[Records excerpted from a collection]
/---

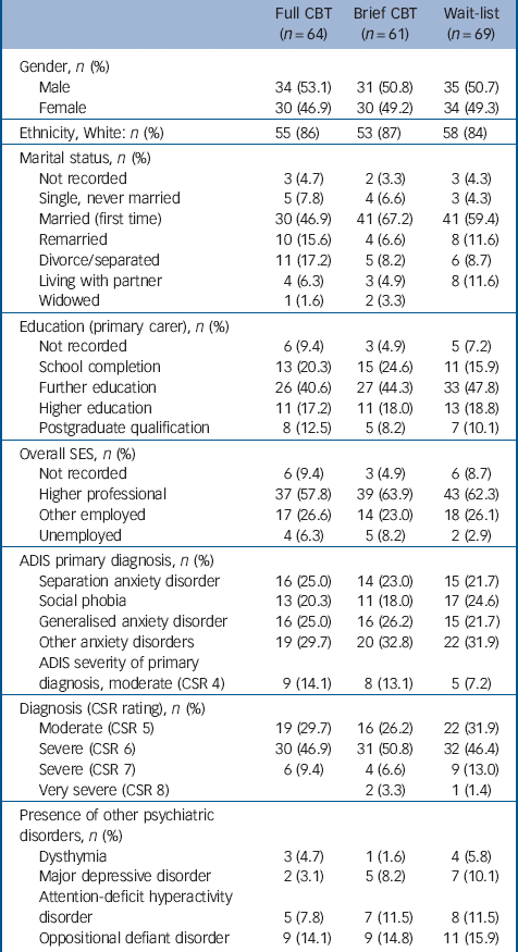 ADIS, Anxiety Disorders Interview Schedule for DSM-IV; CBT, cognitive-behavioural therapy; CSR, clinical severity rating; SES, socioeconomic status.
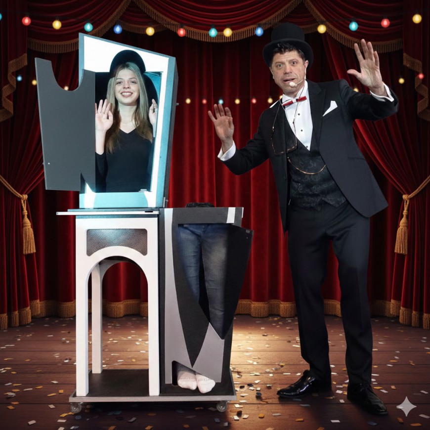 | Options | Nous vous conseillons fortement d'ajouter au devis le numéro de la femme coupée, certes un spectacle classique, mais qui plait énormément aux personnes âgées. Dans ce cas, notre magicien viendra accompagné de sa partenaire moyennant un tarif complémentaire. Nous consulter. |
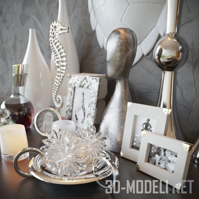 Набор декора в современный интерьер. Композиция собрана из белых, серебристых и золотисто-платиновых элементов. В центре композиции – белый панцирь морской черепахи и золотистая металлическая фигурка морского конька. Две пары ваз: Aurora и Clarion, несколько фоторамок: Picture Frame Chatwin, Lucia Frame и из крокодиловой кожи Gia Frame, подсвечники в виде стаканов, стеклянный декор Crystal Flower Sphere, флакон с парфюмом и бутылка с янтарным напитком, статуэтка Rowena.
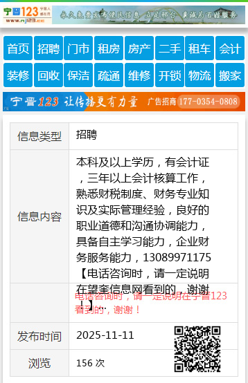 本科及以上学历,有会计证,三年以上会计核算工作,熟悉财税制度、财务专业知识及实际管理经验,良好的职业道德和沟通协调能力,具备自主学习能力,企业财务服务能力,13089971175 【电话咨询时,请一定说明在望奎信息网看到的,谢谢!】 |
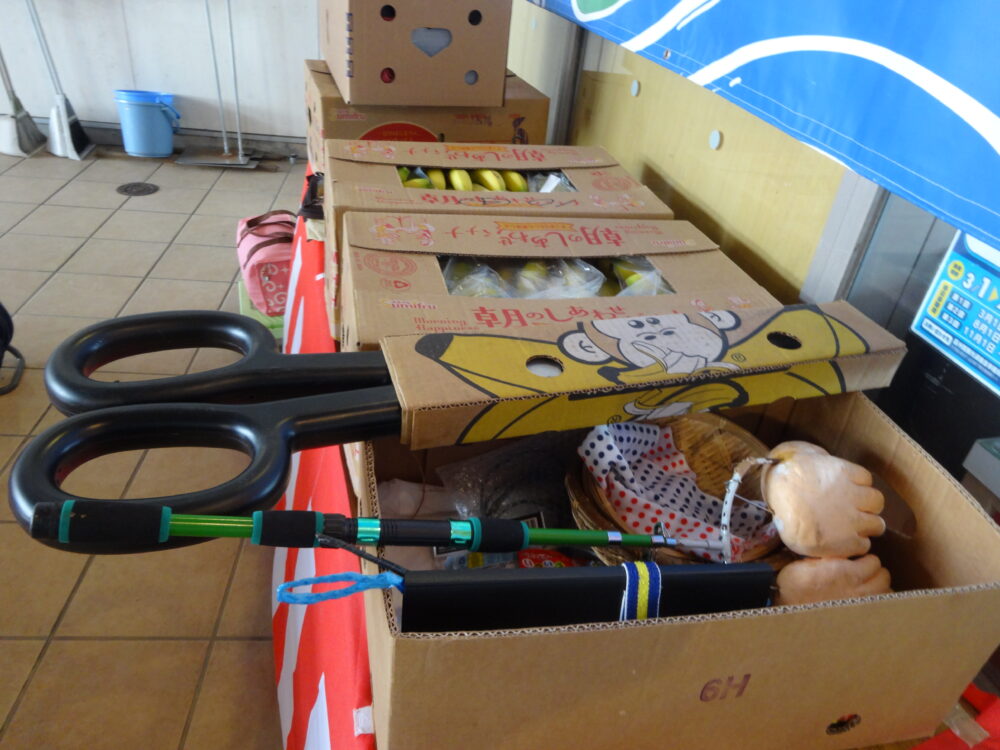 気になったのは始まる前に設置された場所の奥に置かれた小道具の中にあった巨大な〝はさみ!コレどこで使うんだろうとスタッフで首傾げていました(笑)
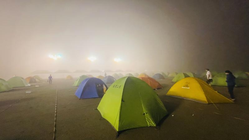 あいにくの荒天。登り始めは良かったのですが、天気の回復の見込みがないことからコースが短縮されました。また、雨によって幕営地のテントの一部が水没していたことから急遽、体育館泊に変更になりました。
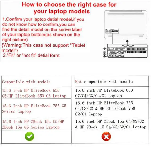 ^^ Warning: NOT compatible with 15.6 inch HP EliteBook 850 G4/G3/G2/G1 & HP EliteBook 755 G4/G3/G2 & HP EliteBook 750 G2/G1 Series laptop and HP ZBook 15u G4/G3/G2 & HP ZBook 15 G4/G3/G2/G1 Series laptop and HP other Pavilion/ENVY/Spectre/ProBook series laptop and other brands laptop {{Warning: Most of returned because of choosing wrong model, please confrim your laptop model}}. ^^ This protective cover is made of the high-quality PU leather, characterized by the beautiful appearance and fine hand feeling; the inner-layer soft cashmere can better protect the laptop. ^^ Unique design with two elastic rubber bands could solve the problem of loose cover effectively in the process of using laptop (This case not support "Tablet model"). ^^ Unique liner design for laptop cooling, this case do not affect the heat dissipation of the laptop. Our store have 500+ laptop models cases, search more laptop models's case, please search "Alapmk + your laptop model".
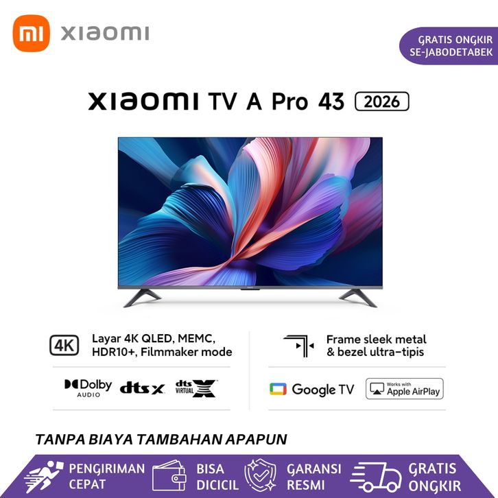 Xiaomi TV A Pro 43 2026 | Layar 4K QLED MEMC HDR10+ Filmmaker Mode | Frame sleek metal & bezel ultra tipis | Dolby Audio
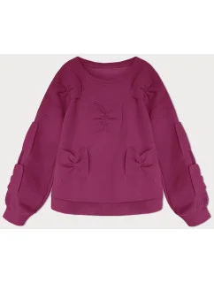 Dámska teplá mikina vo fuchsiovej farbe s mašľami (23999)
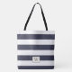 This all over printed tote bag might look simple. White horizontal stripes, a hardly noticeable shadow effect, a rectangular monogram holding your initial letter. But there is so much more! You can replace dark blue with any colour of your choice, making your bag one of a kind!
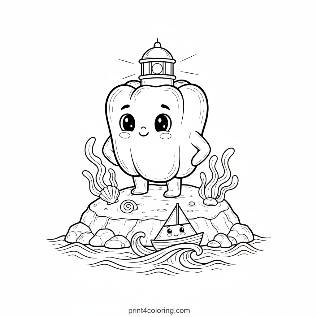 A tall, vibrant red bell pepper stands proudly on a detailed rocky outcrop, cleverly transformed into a charming lighthouse, complete with a tiny, glowing light. A friendly sailboat gently bobs on calm waves below, with seashells and seaweed visible on the rocks. A truly cozy and imaginative scene to color!
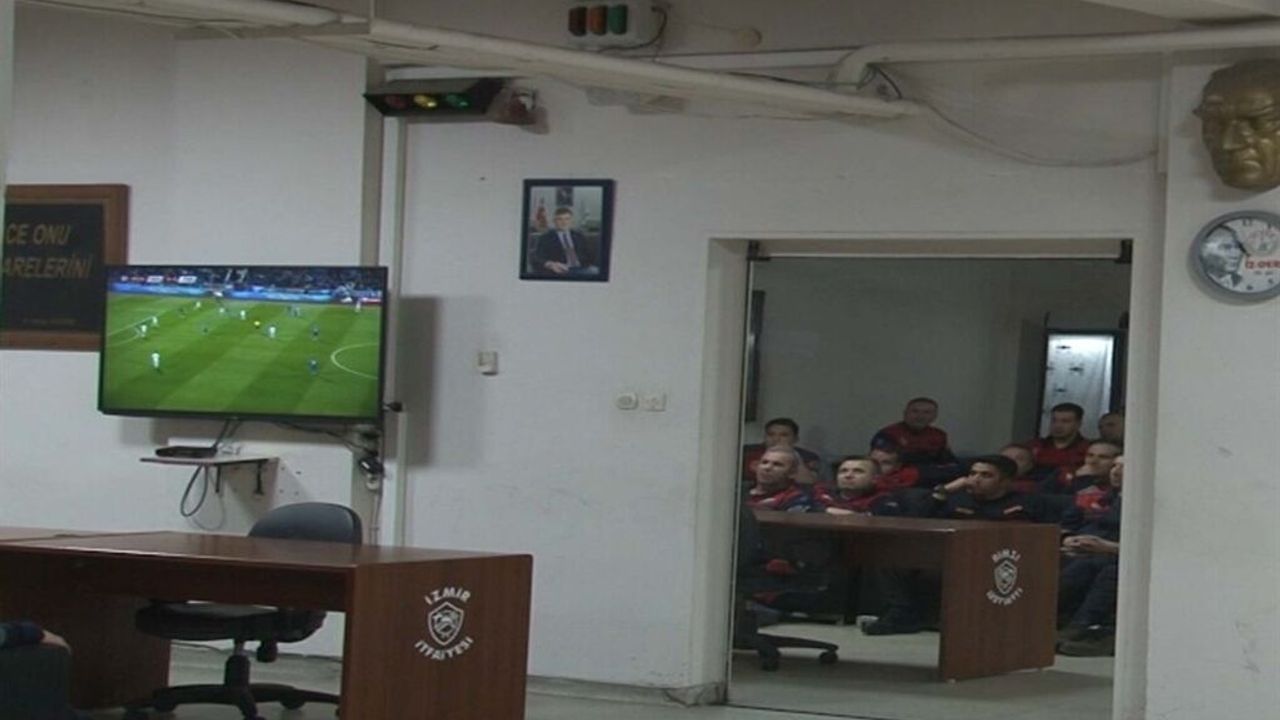 Ülkenin birçok noktasında olduğu gibi İzmir Büyükşehir Belediyesi İtfaiye Daire Başkanlığı Merkez Hizmet Binası'nda görevli itfaiye erleri de karşılaşmayı izledi. Karşılaşma devam ederken gelen yangın ihbarı sonrası ekipler, maçı yarıda bırakarak olay yerine intikal etti. Görüntülerde; itfaiye erlerinin maçı izlediği sırada ihbar gelmesi ve ardından kısa sürede harekete geçtikleri anlar yer aldı.
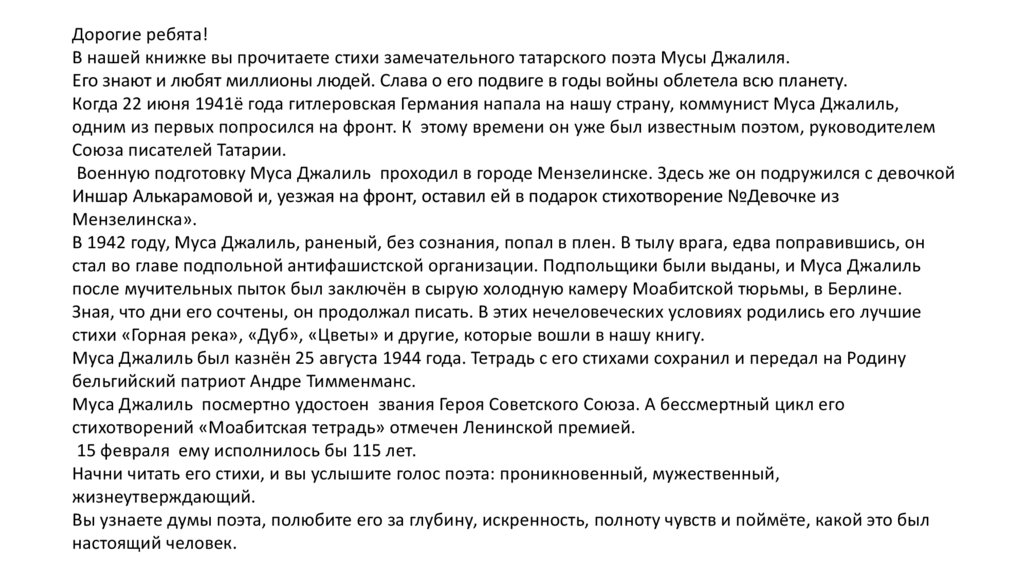 Дорогие ребята!В нашей книжке вы прочитаете стихи замечательного татарского поэта Мусы Джалиля.
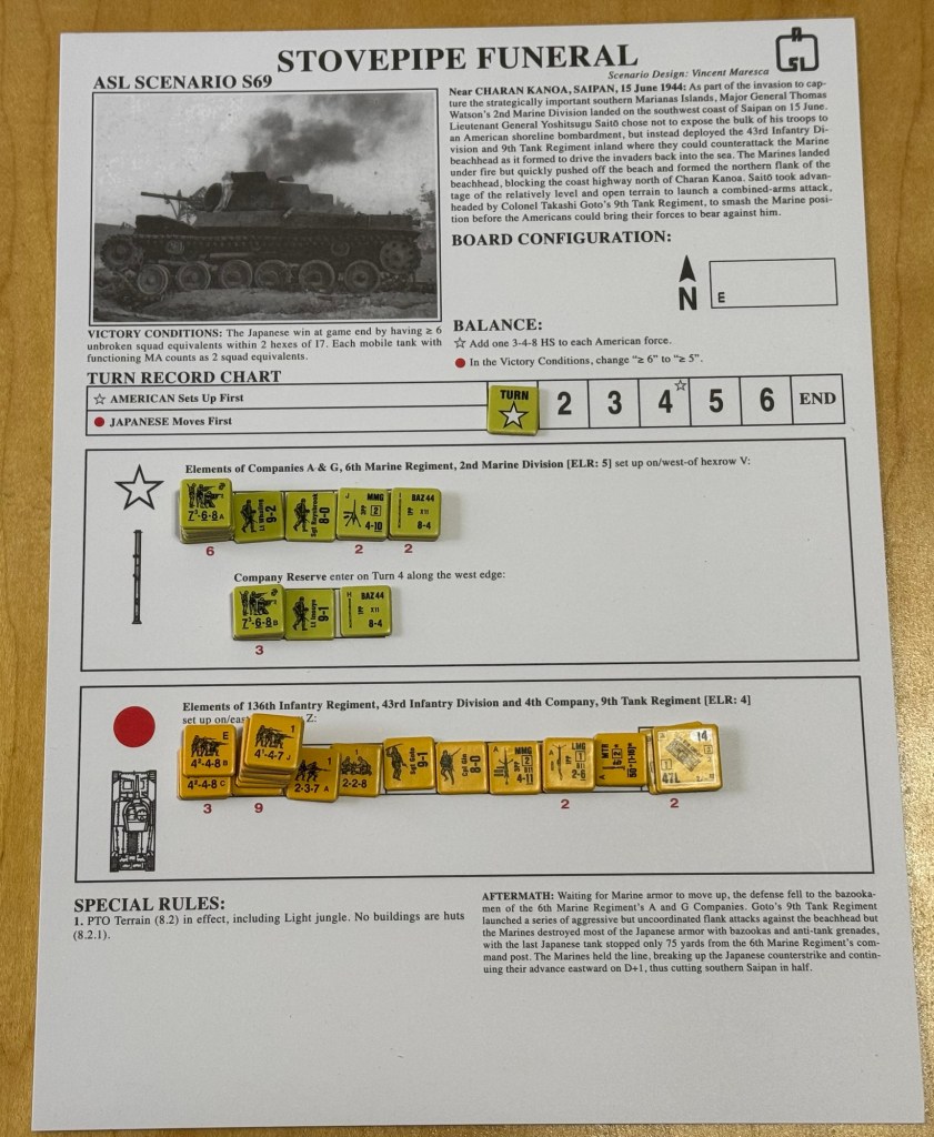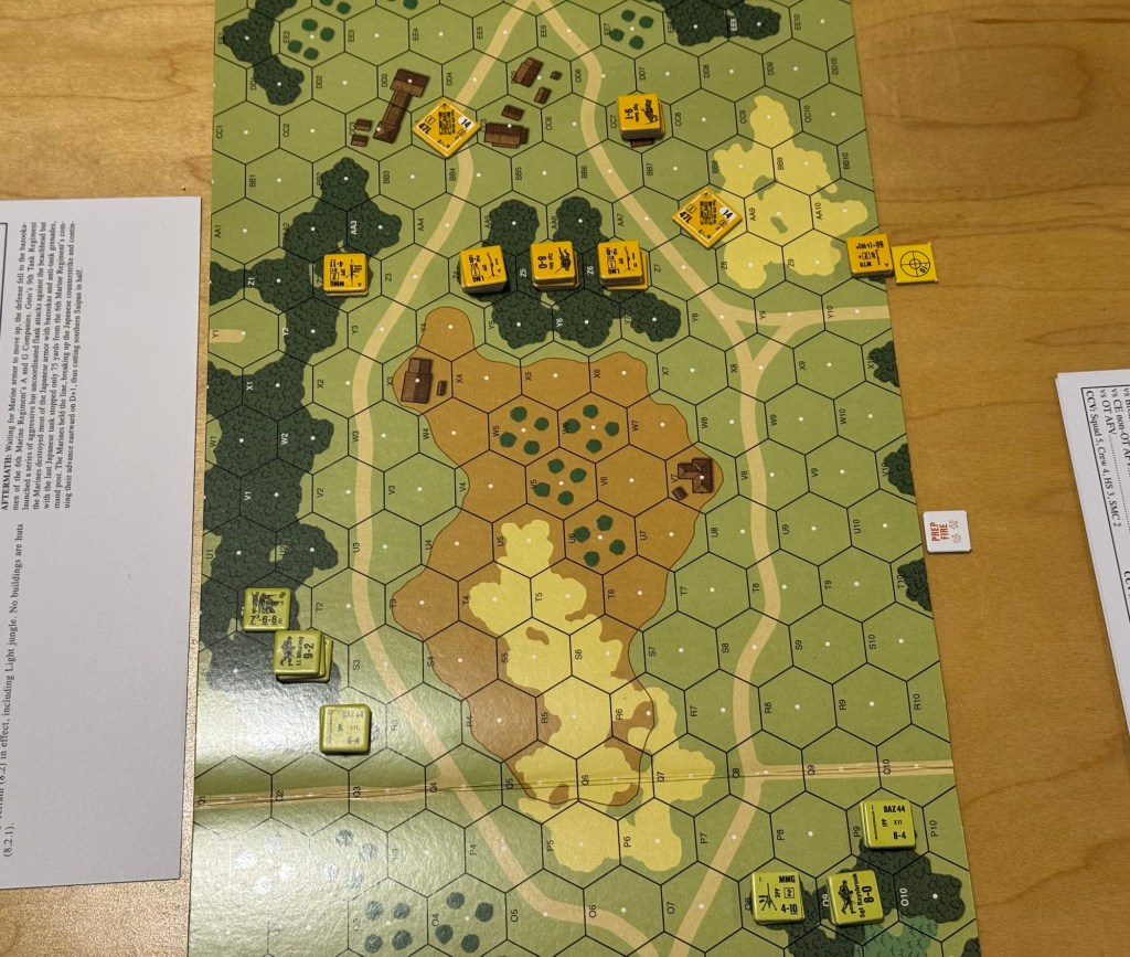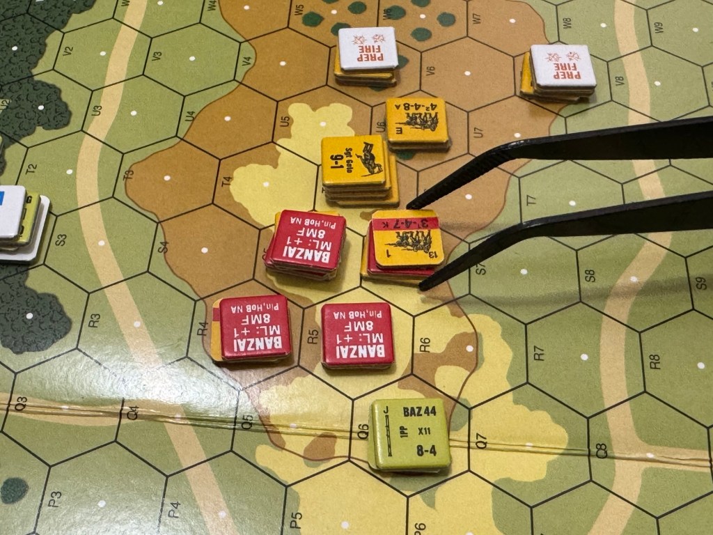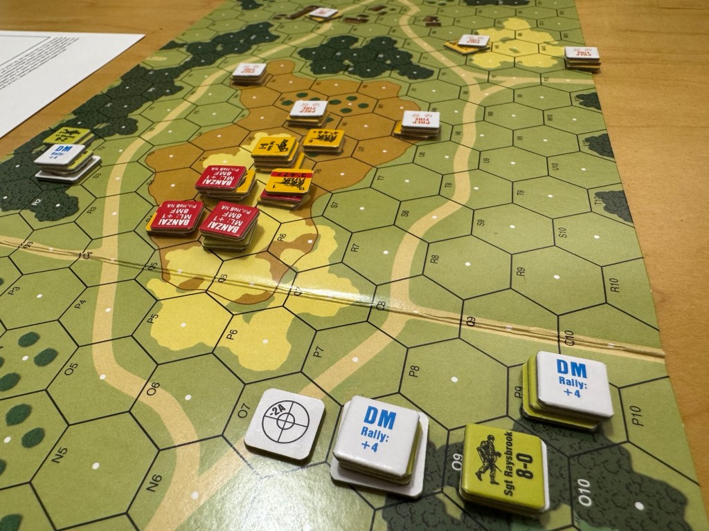 But I think that the systems used and the rules that prop them up are really quite realistic and provide you the player with a good understanding of the factors involved in these small tactical engagements and their pitfalls. I do really think that the system mimics the process and actions of soldiers in many ways. Does it do this perfectly? Probably not but I am unsure that I can’t definitively say at this time in my journey but I want to learn more and understand the answers to those questions. And hopefully I can play it again to get a better feel and understanding. I also think that people really enjoy the bits and pieces of chrome that are injected into the system. I bring this up as I experienced the chrome of banzai charges as we played ASLSK#4 The Pacific Theater of Operations.
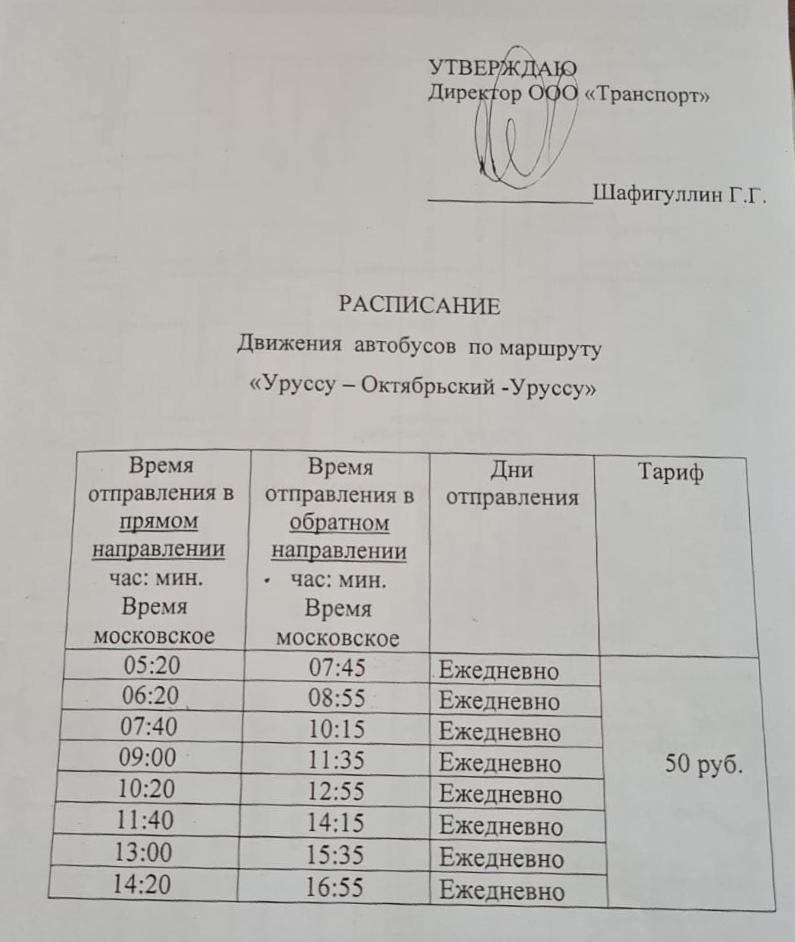 Сезгә 2021 елның 23 августыннан "Урыссу - Октябрьский - Урыссу" автобус маршруты яңартылуы турында хәбәр итәбез.

\---

DIRECTIONS. Would you give the data above again word for word, skipping any images?

WRITTEN ANSWER.
 ADIS, Anxiety Disorders Interview Schedule for DSM-IV; CBT, cognitive-behavioural therapy; CSR, clinical severity rating; SES, socioeconomic status.
 | Options | Nous vous conseillons fortement d'ajouter au devis le numéro de la femme coupée, certes un spectacle classique, mais qui plait énormément aux personnes âgées. Dans ce cas, notre magicien viendra accompagné de sa partenaire moyennant un tarif complémentaire. Nous consulter. |
 Набор декора в современный интерьер. Композиция собрана из белых, серебристых и золотисто-платиновых элементов. В центре композиции – белый панцирь морской черепахи и золотистая металлическая фигурка морского конька. Две пары ваз: Aurora и Clarion, несколько фоторамок: Picture Frame Chatwin, Lucia Frame и из крокодиловой кожи Gia Frame, подсвечники в виде стаканов, стеклянный декор Crystal Flower Sphere, флакон с парфюмом и бутылка с янтарным напитком, статуэтка Rowena.
 本科及以上学历,有会计证,三年以上会计核算工作,熟悉财税制度、财务专业知识及实际管理经验,良好的职业道德和沟通协调能力,具备自主学习能力,企业财务服务能力,13089971175 【电话咨询时,请一定说明在望奎信息网看到的,谢谢!】 |
 気になったのは始まる前に設置された場所の奥に置かれた小道具の中にあった巨大な〝はさみ!コレどこで使うんだろうとスタッフで首傾げていました(笑)
 あいにくの荒天。登り始めは良かったのですが、天気の回復の見込みがないことからコースが短縮されました。また、雨によって幕営地のテントの一部が水没していたことから急遽、体育館泊に変更になりました。
 ^^ Warning: NOT compatible with 15.6 inch HP EliteBook 850 G4/G3/G2/G1 & HP EliteBook 755 G4/G3/G2 & HP EliteBook 750 G2/G1 Series laptop and HP ZBook 15u G4/G3/G2 & HP ZBook 15 G4/G3/G2/G1 Series laptop and HP other Pavilion/ENVY/Spectre/ProBook series laptop and other brands laptop {{Warning: Most of returned because of choosing wrong model, please confrim your laptop model}}. ^^ This protective cover is made of the high-quality PU leather, characterized by the beautiful appearance and fine hand feeling; the inner-layer soft cashmere can better protect the laptop. ^^ Unique design with two elastic rubber bands could solve the problem of loose cover effectively in the process of using laptop (This case not support "Tablet model"). ^^ Unique liner design for laptop cooling, this case do not affect the heat dissipation of the laptop. Our store have 500+ laptop models cases, search more laptop models's case, please search "Alapmk + your laptop model".
 Xiaomi TV A Pro 43 2026 | Layar 4K QLED MEMC HDR10+ Filmmaker Mode | Frame sleek metal & bezel ultra tipis | Dolby Audio
 Dámska teplá mikina vo fuchsiovej farbe s mašľami (23999)
 This all over printed tote bag might look simple. White horizontal stripes, a hardly noticeable shadow effect, a rectangular monogram holding your initial letter. But there is so much more! You can replace dark blue with any colour of your choice, making your bag one of a kind!
 A tall, vibrant red bell pepper stands proudly on a detailed rocky outcrop, cleverly transformed into a charming lighthouse, complete with a tiny, glowing light. A friendly sailboat gently bobs on calm waves below, with seashells and seaweed visible on the rocks. A truly cozy and imaginative scene to color!
 Ülkenin birçok noktasında olduğu gibi İzmir Büyükşehir Belediyesi İtfaiye Daire Başkanlığı Merkez Hizmet Binası'nda görevli itfaiye erleri de karşılaşmayı izledi. Karşılaşma devam ederken gelen yangın ihbarı sonrası ekipler, maçı yarıda bırakarak olay yerine intikal etti. Görüntülerde; itfaiye erlerinin maçı izlediği sırada ihbar gelmesi ve ardından kısa sürede harekete geçtikleri anlar yer aldı.
 Дорогие ребята!В нашей книжке вы прочитаете стихи замечательного татарского поэта Мусы Джалиля.
 But I think that the systems used and the rules that prop them up are really quite realistic and provide you the player with a good understanding of the factors involved in these small tactical engagements and their pitfalls. I do really think that the system mimics the process and actions of soldiers in many ways. Does it do this perfectly? Probably not but I am unsure that I can’t definitively say at this time in my journey but I want to learn more and understand the answers to those questions. And hopefully I can play it again to get a better feel and understanding. I also think that people really enjoy the bits and pieces of chrome that are injected into the system. I bring this up as I experienced the chrome of banzai charges as we played ASLSK#4 The Pacific Theater of Operations.
 Сезгә 2021 елның 23 августыннан "Урыссу - Октябрьский - Урыссу" автобус маршруты яңартылуы турында хәбәр итәбез.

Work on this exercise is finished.